-
Notifications
You must be signed in to change notification settings - Fork 6
Using an Alternative Aligner
Any SV caller relies fundamentally on the correctness of the aligner's alignments output. If an aligner gives an suboptimal alignment, the deduced SV(s) will be meaningless.
Picky uses LAST to generate all possible High-scoring Segment Pairs (HSPs) for a read, and 'pick'-and-stitch the segments into the representative alignments with a greedy algorithm instead of using last-split. Picky's picking does not assume colinearity nor mandate that each read base must only be aligned to at most a single genomic location.

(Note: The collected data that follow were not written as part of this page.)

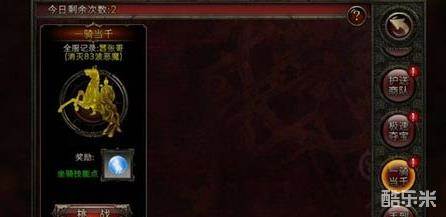 当我们第一次进入一骑当先这一个玩法的时候,我们需要做的就是尽可能的击杀更多波数的怪物,因为当你第二次挑战这一个玩法的时候,你就不是从第一波开始挑战了,而是在你之前通过的最高波数再减去五,就是你再进入这一个玩法时挑战的波数。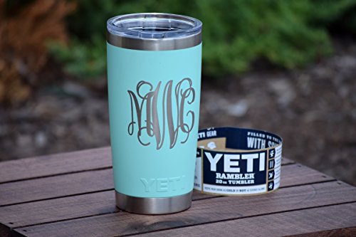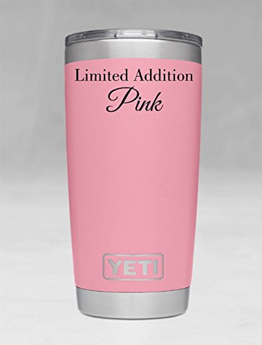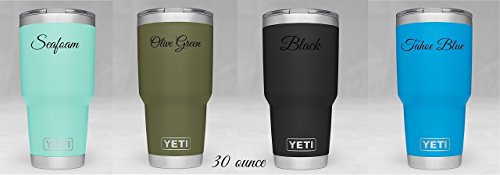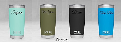 Product Description Personalized Yeti Rambler tumbler, Stainless Steel 18/8, available in 20 oz or 30 oz. This popular cup makes for the perfect birthday, graduation, wedding, promotional or any occasion gift. It features personalized engraving of your choice, YES these are laser engraved NOT STICKERS so it will last forever! Additional designs are always welcome, we are happy to work with you to create the tumbler you want! 1000s of additional fonts are also available. Little bit about Yeti Rambler's: beverages will stay ice cold or steaming hot. Double-wall insulated tumblers with an 18/8 stainless steel body, which means your drink still keeps its temperature no matter how much of a beating this cup takes. Tumblers are BPA-free, have a No Sweat Design to make sure your hands stay dry. Fit in most all cup holders. We promise you will not be disappointed, this mug delivers! No matter which Tumbler you choose, Ramblers are dishwasher safe, BPA-free, and ready for just about anything. Tumblers are available in Pink, Tahoe Blue, Seafoam, Olive Green, Black, and Stainless Steel. 0
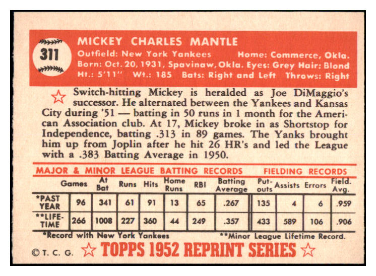 1983 Topps 1952 Reprint #311 Mickey Mantle Yankees EX-MT 531850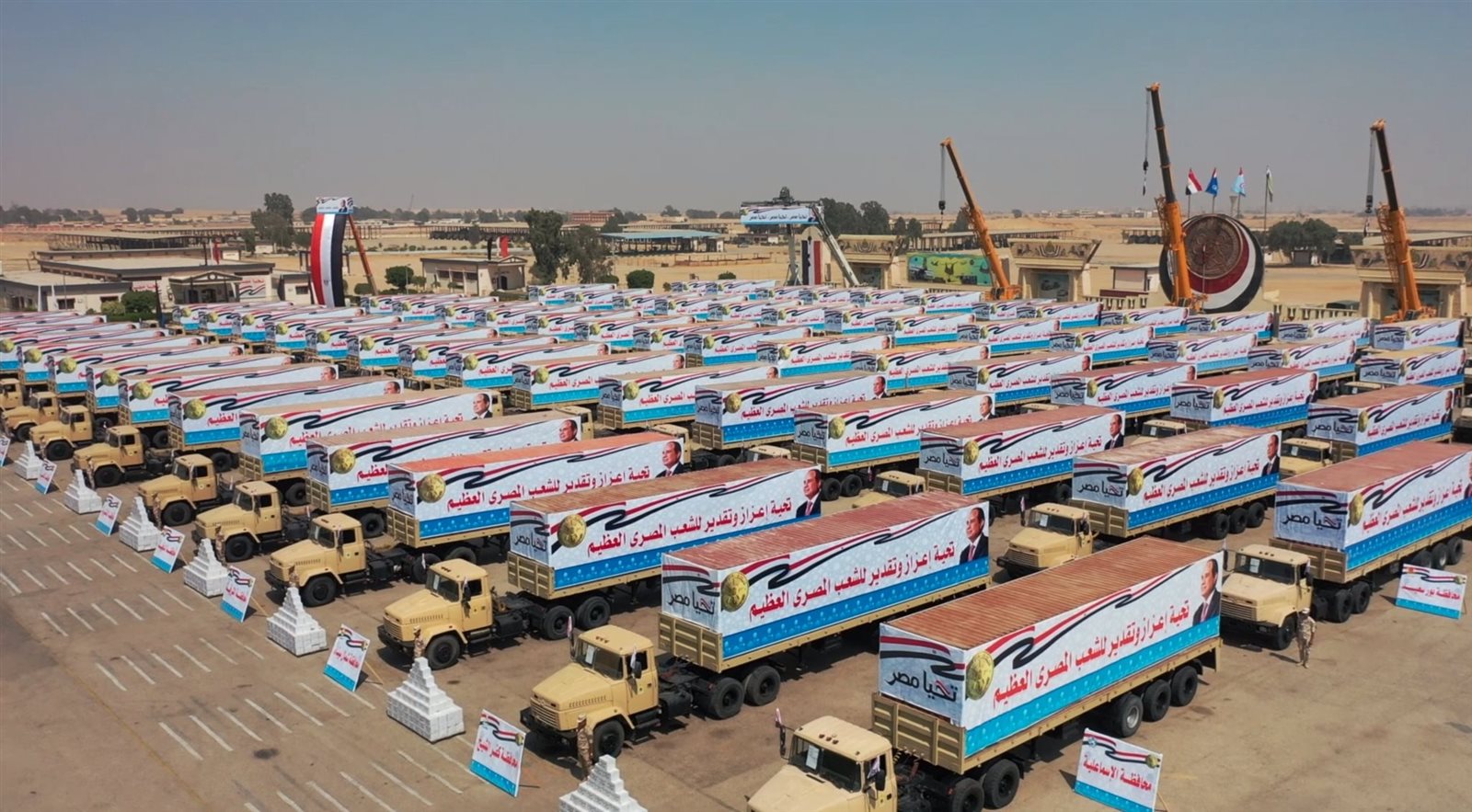 إلى أبناء القرى والتجمعات السكانية الأكثر احتياجا على مستوى الجمهورية، حيث تم تسيير أسطول من شاحنات النقل المجهزة وقطارات السكة الحديد لكافة المحافظات.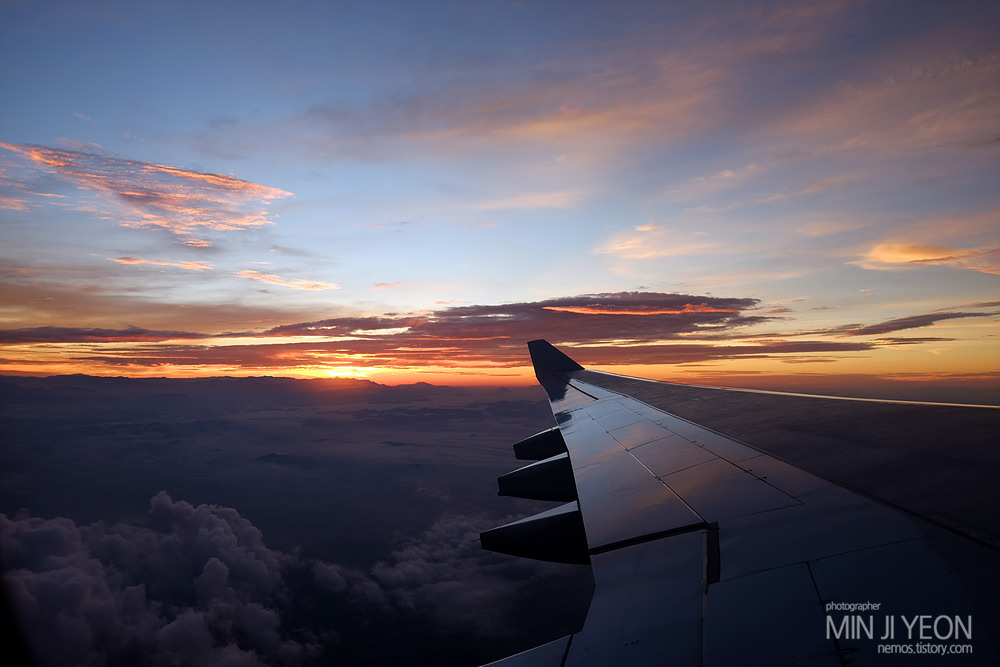 나중에 해가 구름 위로 확~ 올라오니깐 눈이 부셔서 쳐다도 못볼 정도 였지만..그래도 이렇게 멋진 일출을 비행기에서 볼 수 있다는건 정말 행복해요~ >ㅁ<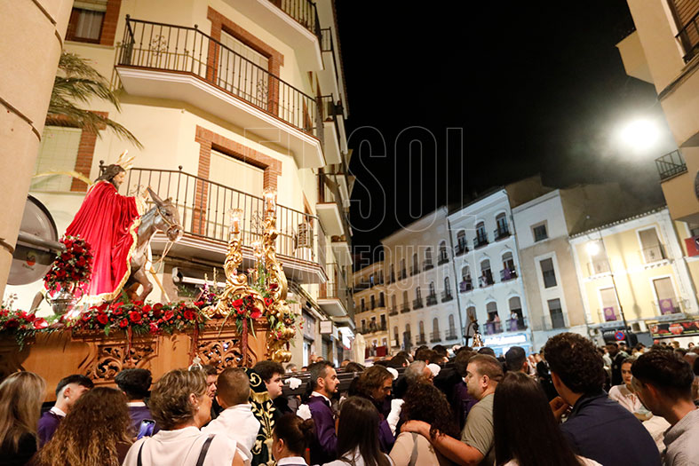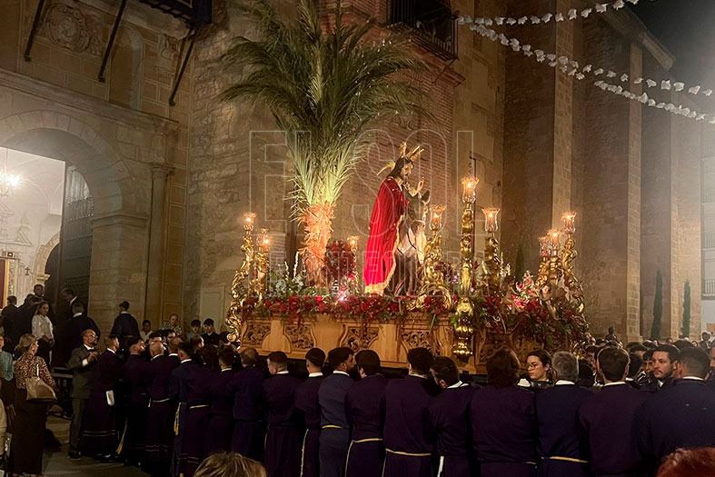 La cofradía del Domingo de Ramos se basó en la forma de procesionar a su Señor de la Pollinica y el acompañamiento musical, una de las agrupaciones más destacadas de Andalucía, que hacía 25 años que no venía a nuestra ciudad. Buscó las calles estrechas, con pasos sublimes por Duranes y Rey. ¡Cuándo se darán cuenta más Directivas de lo que enmudecen estas calles a los cortejos procesionales!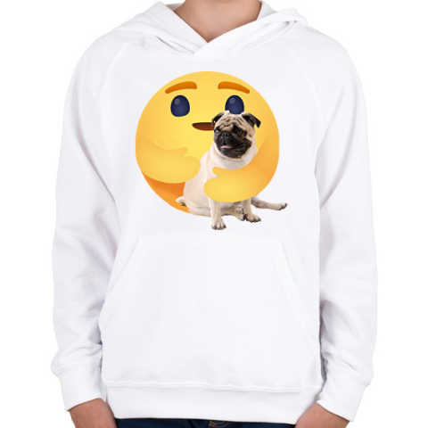 1 kép PRINTFASHION Mopsz - Gyerek kapucnis pulóver - Fehér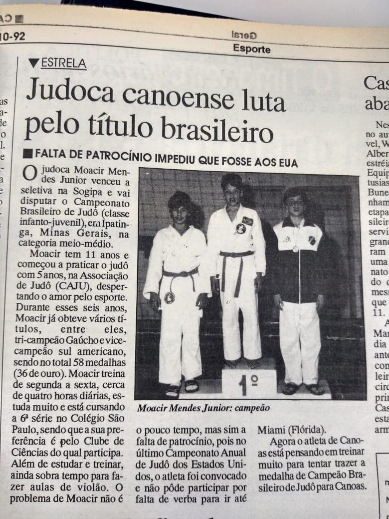 A pequena Sarah Mendes, de apenas 11 anos, esteve na redação do Timoneiro, na tarde da terça-feira, 27, acompanhada da avó, Carmen, mostrando com orgulho a medalha de ouro que conquistou no Campeonato Brasileiro de Judô sub-13, realizado em Curitiba, no Paraná, nos dias 17 e 18 de agosto. A jovem, que treina na Sogipa e na academia Double Black, não perde na sua categoria há mais de dois anos e já garantiu participação nos jogos Pan-Americanos sub-13 e sub-15 de Judô, que ocorrerão no México, na primeira semana de novembro.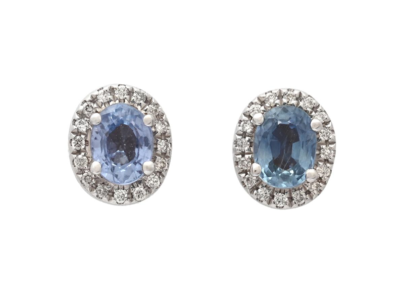 ÖRHÄNGEN, 18K vitguld, ovala fasettslipade blå safirer 0,49 ctv, 32 briljantslipade diamanter 0,05 ctv, ca W-Cr/SI-P, stift, mått ca 6,0 x 5,0 mm, vikt 1,3 g.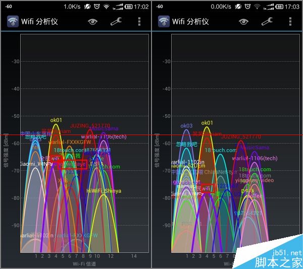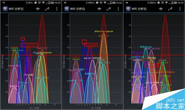 上面分別是距離兩個(gè)路由0m、5m(有非承重墻阻隔)和10m距離的測(cè)試結(jié)果。左側(cè)紅框是newifi mini 的信號(hào),右側(cè)紅框是對(duì)比參照磊科Q3的信號(hào)。右側(cè)像bug一樣飆高的紅色峰值是因?yàn)闇y(cè)試機(jī)連上了它的wifi,直接導(dǎo)致相同信道的wifi信號(hào)讀數(shù)偏高。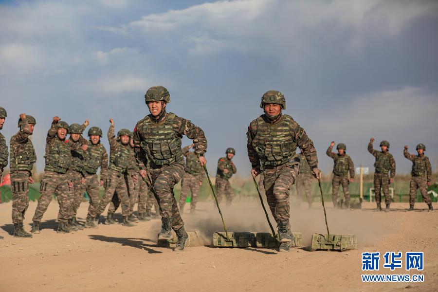 武警新疆總隊(duì)某機(jī)動(dòng)支隊(duì)特戰(zhàn)一中隊(duì)組織官兵進(jìn)行搬運(yùn)子彈箱體能訓(xùn)練(10月30日攝)。新華社發(fā)(張文 攝)
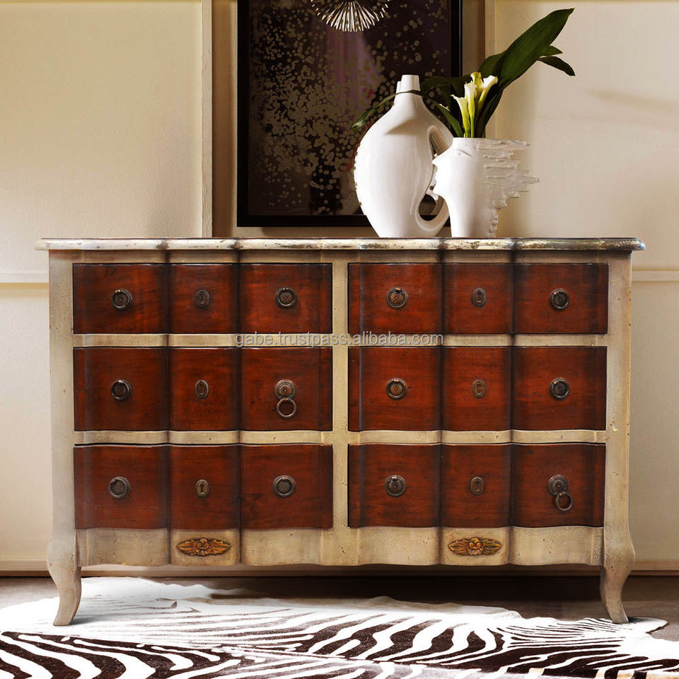 Solid Wood France Style Living Room Cabinets 6-Drawer Chest with 2 Tone Color for Home Use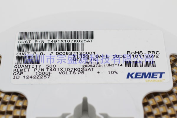 產(chǎn)品名稱:KEMET鉭電容 7343 25V 100UF X型 T491X107K025AT

LAST was motivated for rapid genome-to-genome alignment. Think an extremely-ultra-long read vs another extremely-ultra-long read. Although it does the job exceptionally well, it has not tapped in the raw speed available with each new computing techonology cycles that we are seeing amongst the new breed of long-read aligners such as NGMLR (which is fast) and Minimap2 (which is blazing fast).
To allow users to work with their favorite and most familiar aligner, we have added Picky sam2align. The latter transforms a .sam stream to .align format which Picky callSV consumes to perform the structural vairants calling.
Here is the content of the Picky script LongRead.sh with added step numbering from the QuickStart guide which uses LAST for alignment and Picky selectRep to select the representative alignment. (See STEP 1 reads alignments in the following code block.)
# STEP 0.1 general installation
export LASTAL=last-755/src/lastal
export PICKY=./picky.pl
# STEP 0.2 general configuration
export LASTALDB=hg19.lastdb
export LASTALDBFASTA=hg19.fa
export NTHREADS=4
# STEP 0.3 FASTQ file
export RUN=LongRead
# STEP 1 reads alignments
time (${LASTAL} -C2 -K2 -r1 -q3 -a2 -b1 -v -v -P${NTHREADS} -Q1 ${LASTALDB} ${RUN}.fastq 2>${RUN}.lastal.log | ${PICKY} selectRep --thread ${NTHREADS} --preload 6 1>${RUN}.align 2>${RUN}.selectRep.log)
# STEP 2 call SVs
time (cat ${RUN}.align | ${PICKY} callSV --oprefix ${RUN} --fastq ${RUN}.fastq --genome ${LASTALDBFASTA} --exclude=chrM --sam)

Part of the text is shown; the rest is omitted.